━━━ MATERIAL SUPPLIED ━━━

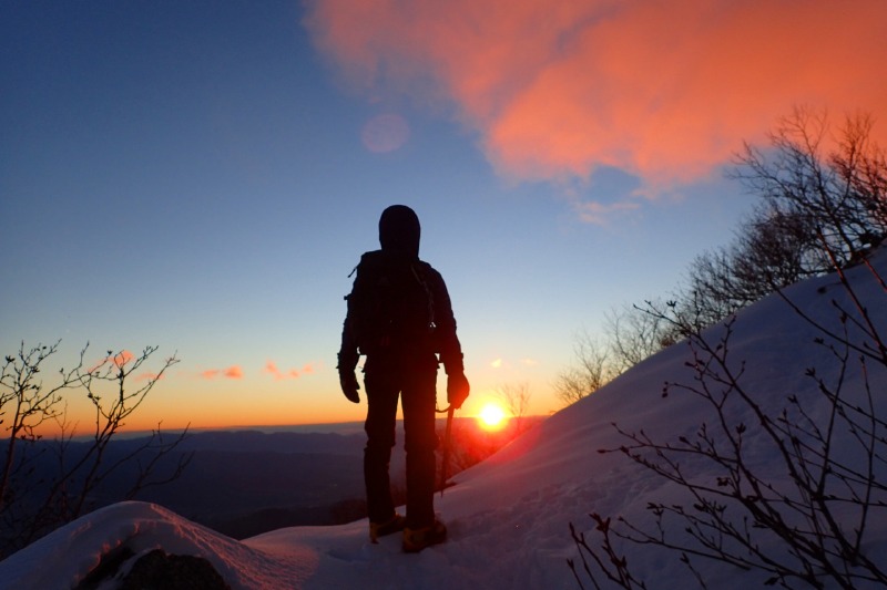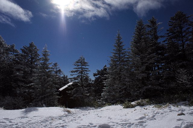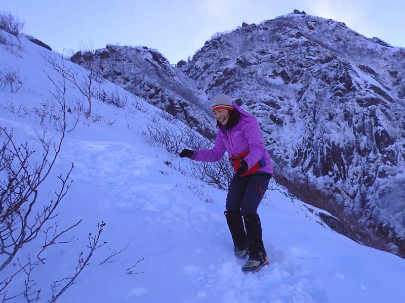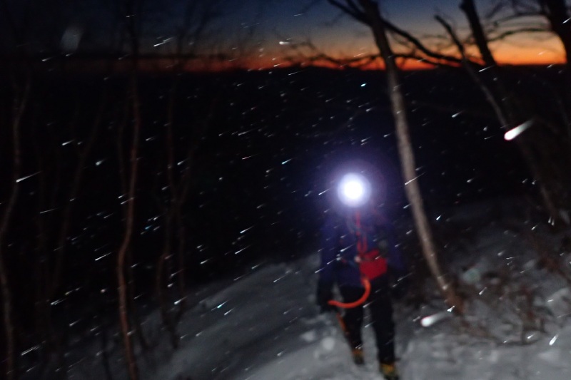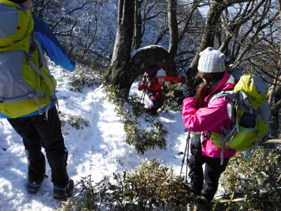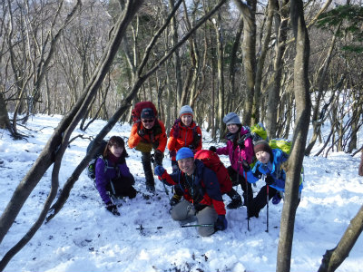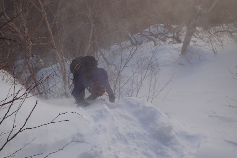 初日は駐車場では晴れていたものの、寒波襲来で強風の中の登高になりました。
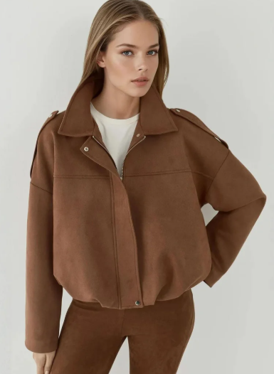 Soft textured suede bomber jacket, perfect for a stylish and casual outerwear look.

━━━
━━━ MATERIAL SUPPLIED ━━━

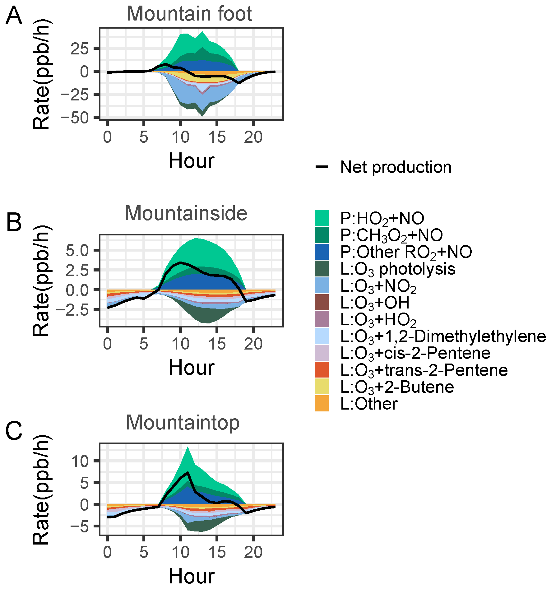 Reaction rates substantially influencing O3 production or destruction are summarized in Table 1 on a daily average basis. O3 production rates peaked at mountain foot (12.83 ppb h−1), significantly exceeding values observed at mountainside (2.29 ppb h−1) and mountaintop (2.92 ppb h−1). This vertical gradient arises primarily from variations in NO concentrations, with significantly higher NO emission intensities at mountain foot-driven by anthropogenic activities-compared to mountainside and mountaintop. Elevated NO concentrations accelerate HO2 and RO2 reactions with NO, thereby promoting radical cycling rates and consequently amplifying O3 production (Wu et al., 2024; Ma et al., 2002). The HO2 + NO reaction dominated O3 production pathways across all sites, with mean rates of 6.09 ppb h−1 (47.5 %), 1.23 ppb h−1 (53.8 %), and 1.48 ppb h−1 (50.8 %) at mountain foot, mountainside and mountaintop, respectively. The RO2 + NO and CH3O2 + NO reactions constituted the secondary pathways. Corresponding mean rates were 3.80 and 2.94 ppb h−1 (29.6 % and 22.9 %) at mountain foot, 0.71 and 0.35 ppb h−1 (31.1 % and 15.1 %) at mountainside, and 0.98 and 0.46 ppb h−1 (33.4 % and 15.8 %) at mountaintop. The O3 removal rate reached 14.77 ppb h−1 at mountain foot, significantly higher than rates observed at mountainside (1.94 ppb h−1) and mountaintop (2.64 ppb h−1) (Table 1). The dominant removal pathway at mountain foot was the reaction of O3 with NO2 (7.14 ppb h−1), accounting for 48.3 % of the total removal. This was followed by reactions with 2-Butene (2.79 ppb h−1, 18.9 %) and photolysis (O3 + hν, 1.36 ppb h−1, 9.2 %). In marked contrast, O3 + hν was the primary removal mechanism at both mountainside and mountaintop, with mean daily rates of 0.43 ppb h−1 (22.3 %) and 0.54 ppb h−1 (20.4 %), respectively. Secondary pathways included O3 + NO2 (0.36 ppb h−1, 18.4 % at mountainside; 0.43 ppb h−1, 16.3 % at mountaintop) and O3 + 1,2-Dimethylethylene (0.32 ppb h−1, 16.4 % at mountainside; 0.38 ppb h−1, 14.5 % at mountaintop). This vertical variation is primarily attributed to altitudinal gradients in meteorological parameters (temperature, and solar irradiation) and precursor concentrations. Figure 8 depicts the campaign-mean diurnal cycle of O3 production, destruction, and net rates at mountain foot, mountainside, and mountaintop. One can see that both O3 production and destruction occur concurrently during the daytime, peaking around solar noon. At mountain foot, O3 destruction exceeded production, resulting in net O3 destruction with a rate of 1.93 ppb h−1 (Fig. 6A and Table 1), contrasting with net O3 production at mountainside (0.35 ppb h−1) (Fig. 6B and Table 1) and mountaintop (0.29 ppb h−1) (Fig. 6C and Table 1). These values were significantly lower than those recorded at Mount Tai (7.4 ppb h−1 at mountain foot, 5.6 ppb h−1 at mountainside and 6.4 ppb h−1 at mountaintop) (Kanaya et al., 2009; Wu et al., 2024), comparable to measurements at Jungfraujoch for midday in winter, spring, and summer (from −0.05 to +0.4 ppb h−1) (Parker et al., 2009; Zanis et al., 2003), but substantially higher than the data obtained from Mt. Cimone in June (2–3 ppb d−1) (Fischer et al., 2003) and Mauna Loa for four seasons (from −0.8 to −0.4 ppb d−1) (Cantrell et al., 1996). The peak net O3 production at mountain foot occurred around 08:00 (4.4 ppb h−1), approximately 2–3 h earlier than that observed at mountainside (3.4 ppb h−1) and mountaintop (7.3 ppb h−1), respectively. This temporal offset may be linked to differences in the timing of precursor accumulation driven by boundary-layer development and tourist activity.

━━━

## GOAL OF THE EXERCISE:
Looking above, find the stretch of lines that opens with the one holding "初日は駐車場では晴れていたものの、寒波襲来で強風の中の登高になりました。" and closes with the one holding "Soft textured suede". Copy it exactly, pictures excluded.

## FINISHED EXERCISE:
 初日は駐車場では晴れていたものの、寒波襲来で強風の中の登高になりました。
 Soft textured suede bomber jacket, perfect for a stylish and casual outerwear look.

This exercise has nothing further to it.